**SUPPLIED DATA:**
◇ ◇ ◇

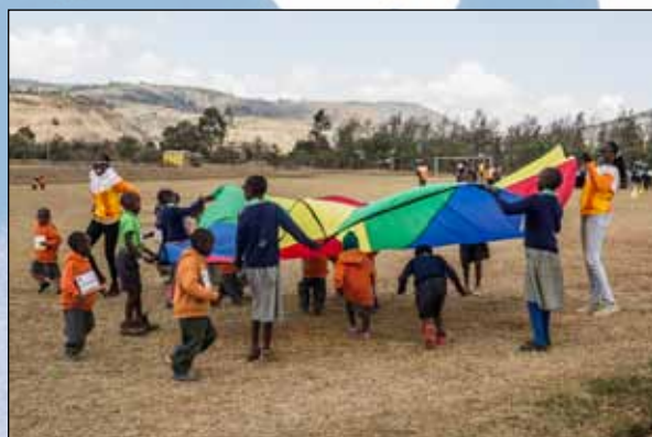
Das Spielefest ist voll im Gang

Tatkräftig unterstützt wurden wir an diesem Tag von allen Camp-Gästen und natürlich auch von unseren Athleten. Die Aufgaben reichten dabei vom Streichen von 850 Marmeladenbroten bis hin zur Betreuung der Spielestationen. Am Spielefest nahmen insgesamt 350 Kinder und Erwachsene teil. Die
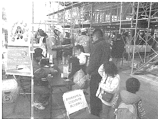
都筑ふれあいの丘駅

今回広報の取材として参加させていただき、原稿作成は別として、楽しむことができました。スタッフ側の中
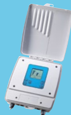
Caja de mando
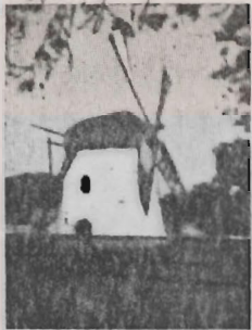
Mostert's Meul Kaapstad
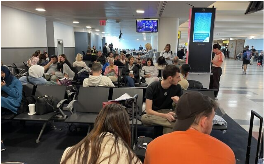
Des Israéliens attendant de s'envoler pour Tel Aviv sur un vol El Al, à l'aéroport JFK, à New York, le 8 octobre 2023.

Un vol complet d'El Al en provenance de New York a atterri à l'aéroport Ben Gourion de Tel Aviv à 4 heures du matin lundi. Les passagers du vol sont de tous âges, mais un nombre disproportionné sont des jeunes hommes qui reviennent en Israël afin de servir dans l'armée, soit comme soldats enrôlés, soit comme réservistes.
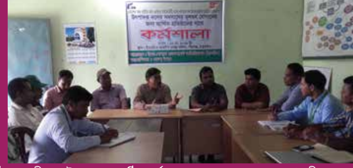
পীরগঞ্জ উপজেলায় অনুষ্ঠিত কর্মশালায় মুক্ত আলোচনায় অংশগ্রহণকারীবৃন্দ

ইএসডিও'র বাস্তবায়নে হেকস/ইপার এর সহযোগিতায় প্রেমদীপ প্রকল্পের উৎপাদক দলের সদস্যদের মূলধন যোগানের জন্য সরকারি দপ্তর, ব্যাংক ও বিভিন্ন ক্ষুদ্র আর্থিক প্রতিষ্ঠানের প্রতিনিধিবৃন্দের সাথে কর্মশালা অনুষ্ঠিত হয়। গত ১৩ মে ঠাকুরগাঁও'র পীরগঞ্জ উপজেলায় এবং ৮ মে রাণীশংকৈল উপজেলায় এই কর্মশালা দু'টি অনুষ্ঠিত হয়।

◇ ◇ ◇

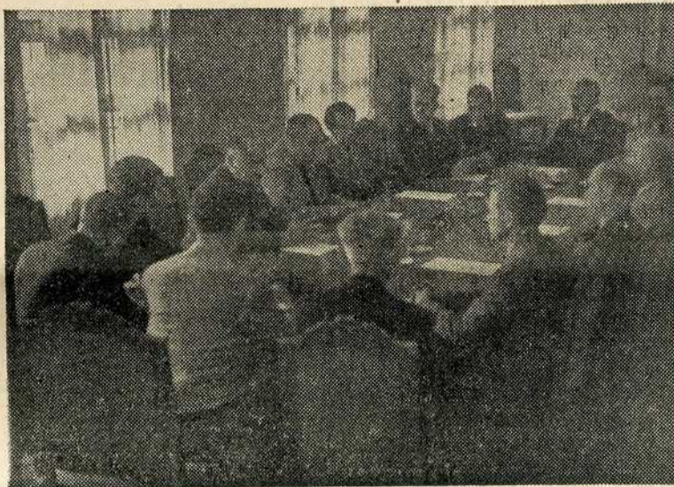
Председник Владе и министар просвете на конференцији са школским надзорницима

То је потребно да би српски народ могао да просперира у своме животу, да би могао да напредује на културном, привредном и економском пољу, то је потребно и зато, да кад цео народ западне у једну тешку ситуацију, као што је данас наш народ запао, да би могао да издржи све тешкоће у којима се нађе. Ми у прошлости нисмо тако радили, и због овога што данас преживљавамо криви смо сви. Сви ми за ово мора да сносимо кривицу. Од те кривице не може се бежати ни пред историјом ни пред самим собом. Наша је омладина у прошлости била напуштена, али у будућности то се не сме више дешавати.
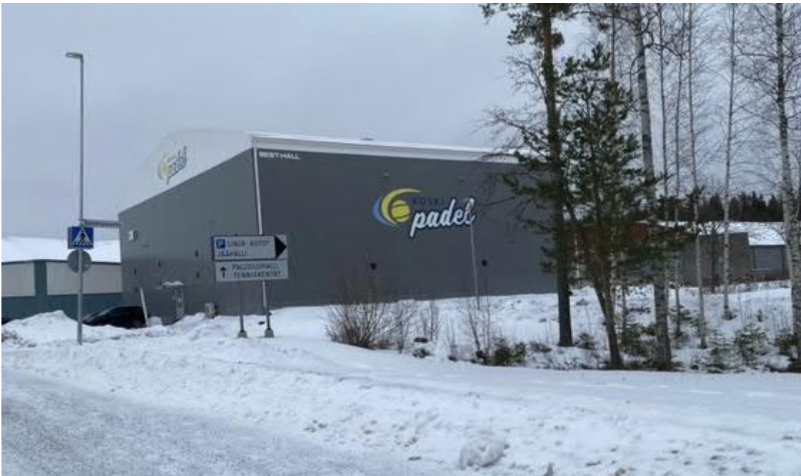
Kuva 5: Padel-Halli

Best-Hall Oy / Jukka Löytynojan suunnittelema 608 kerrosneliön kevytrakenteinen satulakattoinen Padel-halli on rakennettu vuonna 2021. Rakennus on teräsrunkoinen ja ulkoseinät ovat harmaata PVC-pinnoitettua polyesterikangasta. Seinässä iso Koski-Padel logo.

◇ ◇ ◇

**WHAT IS NEEDED:**
Copy out the lines above from the line containing "То је потребно да" through the line containing "Best-Hall Oy /", exactly, and keep the pictures out.

**WRITTEN SOLUTION:**
То је потребно да би српски народ могао да просперира у своме животу, да би могао да напредује на културном, привредном и економском пољу, то је потребно и зато, да кад цео народ западне у једну тешку ситуацију, као што је данас наш народ запао, да би могао да издржи све тешкоће у којима се нађе. Ми у прошлости нисмо тако радили, и због овога што данас преживљавамо криви смо сви. Сви ми за ово мора да сносимо кривицу. Од те кривице не може се бежати ни пред историјом ни пред самим собом. Наша је омладина у прошлости била напуштена, али у будућности то се не сме више дешавати.
Kuva 5: Padel-Halli

Best-Hall Oy / Jukka Löytynojan suunnittelema 608 kerrosneliön kevytrakenteinen satulakattoinen Padel-halli on rakennettu vuonna 2021. Rakennus on teräsrunkoinen ja ulkoseinät ovat harmaata PVC-pinnoitettua polyesterikangasta. Seinässä iso Koski-Padel logo.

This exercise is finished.